To profile what kinds of substrate phosphorylation changes were induced by inhibitor treatments, we combined the identified peptides from both experimental sets. The peptide overlap between these two data sets is only 15% (484 peptides overlapped between the two data sets), and a total of 3238 peptide quantitative data were obtained. The significantly changed peptides were extracted by using ANOVA significance analysis of log-normalized intensities with the module in Perseus software (version 1.6.14.0), identifying 1409 peptides that were regulated by at least one kinase inhibitor treatment. We visualized the regulated peptides as a function of treatment by hierarchical clustering of z-score-normalized intensities, which grouped regulated substrates according to the inhibitor treatment (
Figure 5A and
Supplementary Table S1). The conventional and motif-targeting data sets reveal different sets of peptides significantly regulated by the inhibitor treatments (
Figure 5B). Notably, the 453 out of 578 (78%) significant hits which uniquely detected in motif-targeting workflow were even not identified in the conventional workflow. Furthermore, of the remaining 125 peptides which were also identified in the conventional group, 82 peptides have a higher identification score than those in the conventional group. These results indicated, by the target extraction of the phosphopeptide of interest, the motif-targeting approach can extend the coverage of the phosphoproteome. The clustering analysis showed ten distinct groups of peptides which responded similarly to the inhibitor treatment. The peptide SVSSYGNIR from Raptor, which contains the S721 phosphorylation site that is directly phosphorylated by RSK1 [
38], appears in cluster 3, which showed downregulation in a sunitinib treatment-specific manner.
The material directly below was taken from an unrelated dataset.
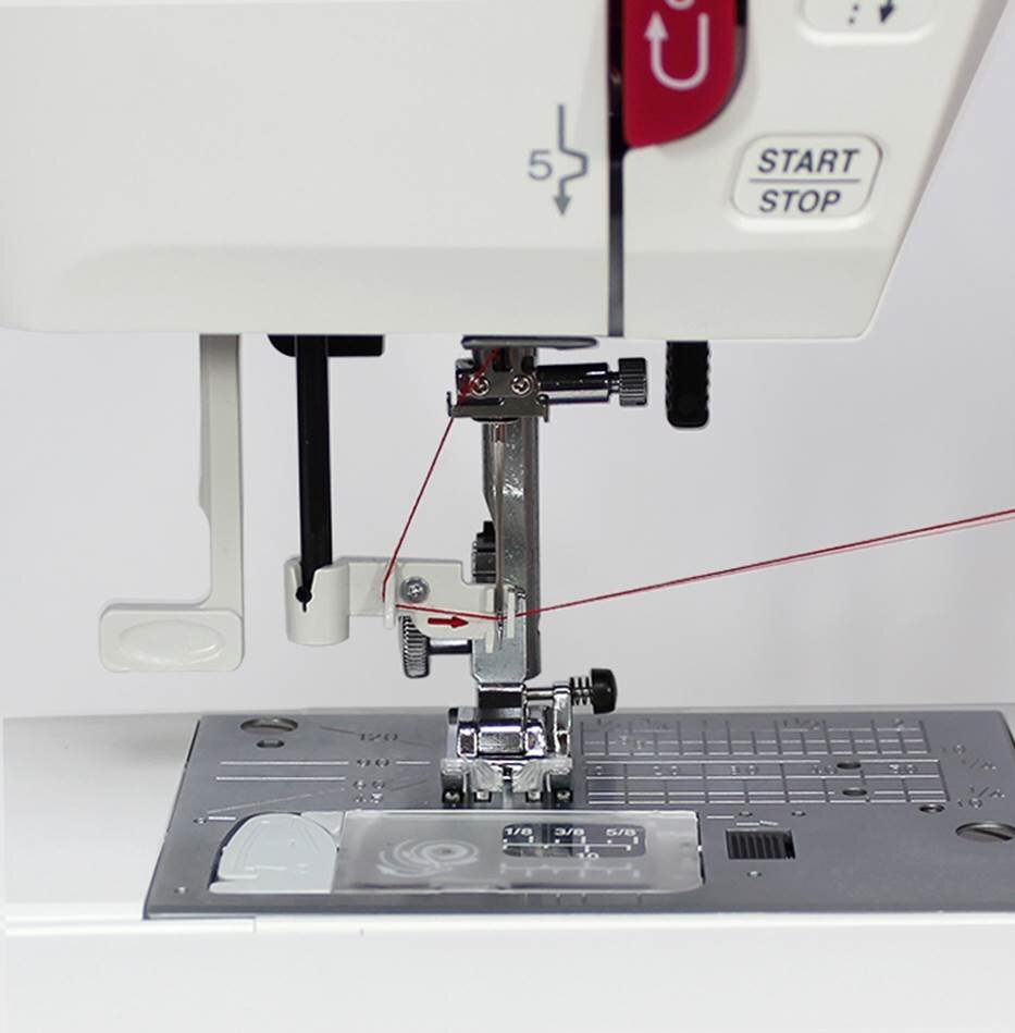 prídavný stolík nastaviteľná rýchlosť šitia automatické šitie gombíkových dierok intuitívne ovládanie automatický odstrih nite automatické zapošitie po odpojení nožného pedála, sa dá šiť automaticky s funkciou START/STOP je veľmi tichý má veľkú silu a poradí si s naozaj silnou vrstvou látok

The z-score of this peptide was compared with previously reported %-inhibition values of recombinant RSK1 [
36] for 6 out of 8 inhibitors evaluated here. Interestingly, the z-scores and %-inhibition values were highly correlated (R
2 = 0.876), supporting the idea that direct inhibition of the upstream RSK1 was the main contributor to the downregulation of this peptide. We also found that the peptide VADPDHDHTGFLTEYVATR from ERK2, which contains well-known downstream phosphorylation sites of the EGFR pathway (T185 and Y187), showed a significant decrease in the afatinib- and selumetinib-treated samples (Cluster 2). In addition, HTDDEMTGYVATR from p38α showed a significant decrease in a tofacitinib (JAK inhibitor)-specific manner (Cluster 9), reflecting the close relationship of the JAK and MAPK pathways including p38α [
39,
40,
41]. These peptides were only identified by means of the motif-targeting approach in this study, demonstrating the usefulness of this workflow.